The startup also compressed the time needed to refit its recycled rockets (from one year to a few months) and began preliminary tests of its Falcon Heavy booster, which is expected to be the world’s most powerful rocket when it is completed later this year.

3. Amazon (Seattle, WA)

Oh, you haven’t heard of Amazon? Well, where the heck have you been?! Amazon is using a range of AI technologies, including computer vision, machine learning, and natural-language processing, to reinvent mobile computing and shopping. The company’s voice-activated assistant Alexa now controls everything from TVs to cars and is poised to be the next important computing platform.

Amazon is also streamlining the brick-and-mortar shopping experience through its Seattle-based Amazon Go convenience store. Customers simply enter the store, scan an app on their smartphones, and walk out with the items they wish to purchase. Amazon uses AI, cameras, and sensors to identify the products they have selected and bills them automatically—no lines or checkouts necessary.

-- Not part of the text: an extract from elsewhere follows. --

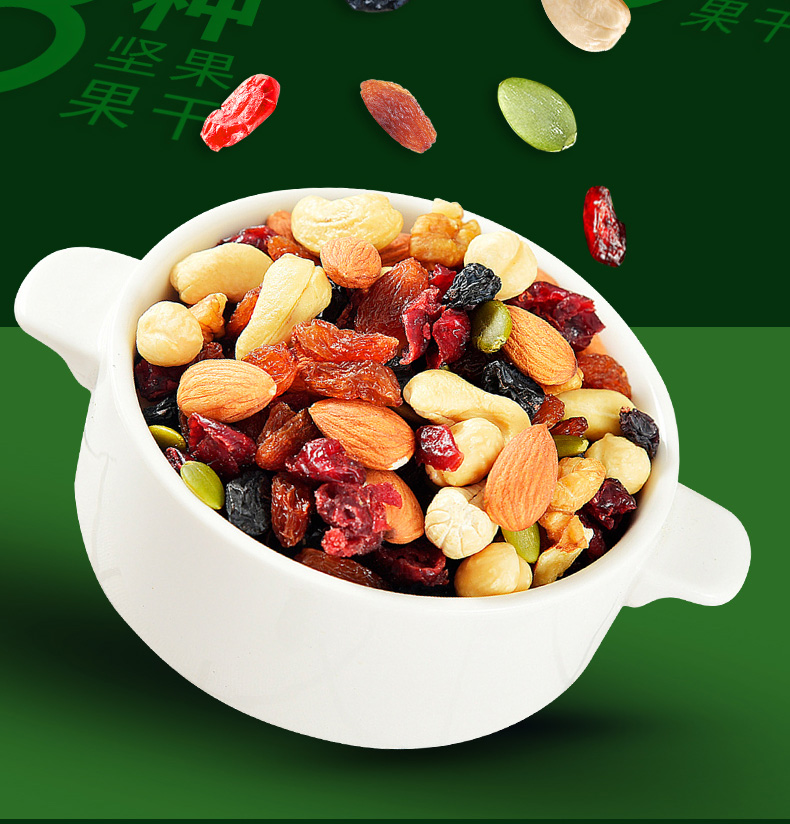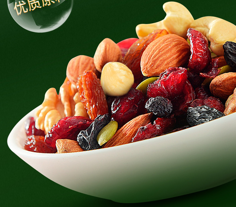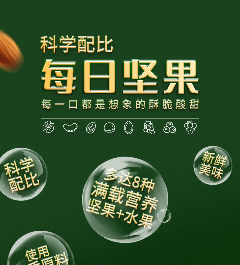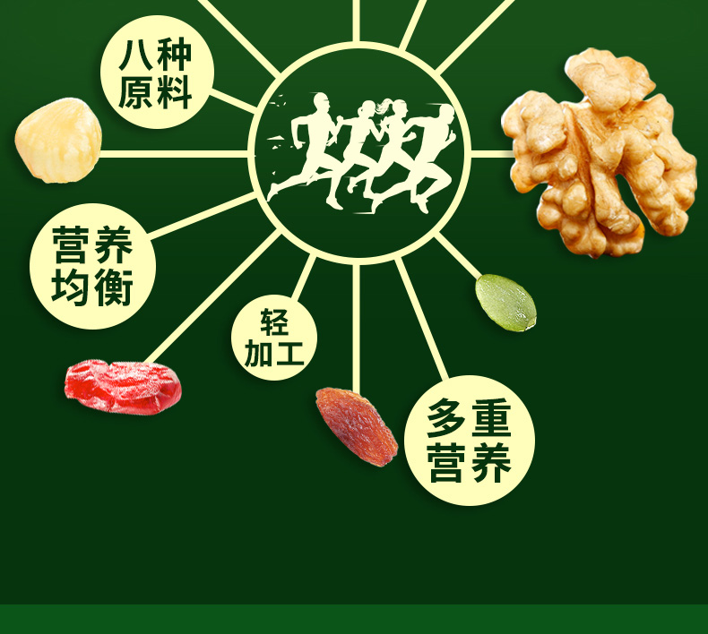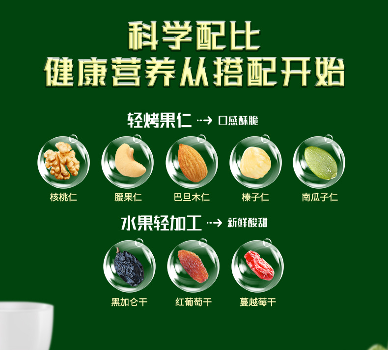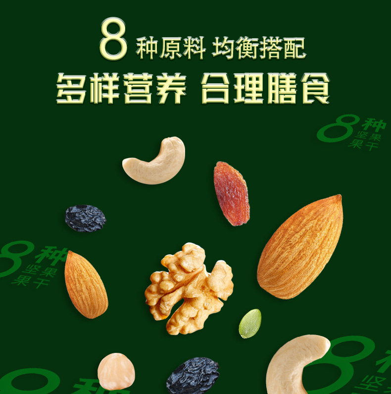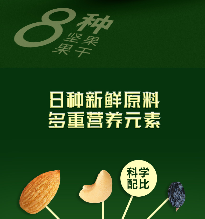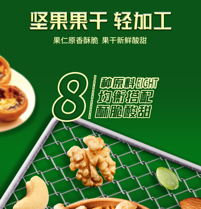 八种新鲜原料,多重营养元素; 果仁原香酥脆,果干新鲜酸甜。

4. 23andMe (Mountain View, CA)

Knowing your genetic make up has never been easier thanks to this innovative company. A pioneer of direct-to-consumer genetic testing since its founding in 2006, 23andMe ran into trouble in 2013 when the FDA barred it from distributing health information. But this year the regulator changed course and reopened a major business line for the company, permitting it to market genetic reports on risks for late-onset Alzheimer’s disease, Parkinson’s disease, and eight other conditions.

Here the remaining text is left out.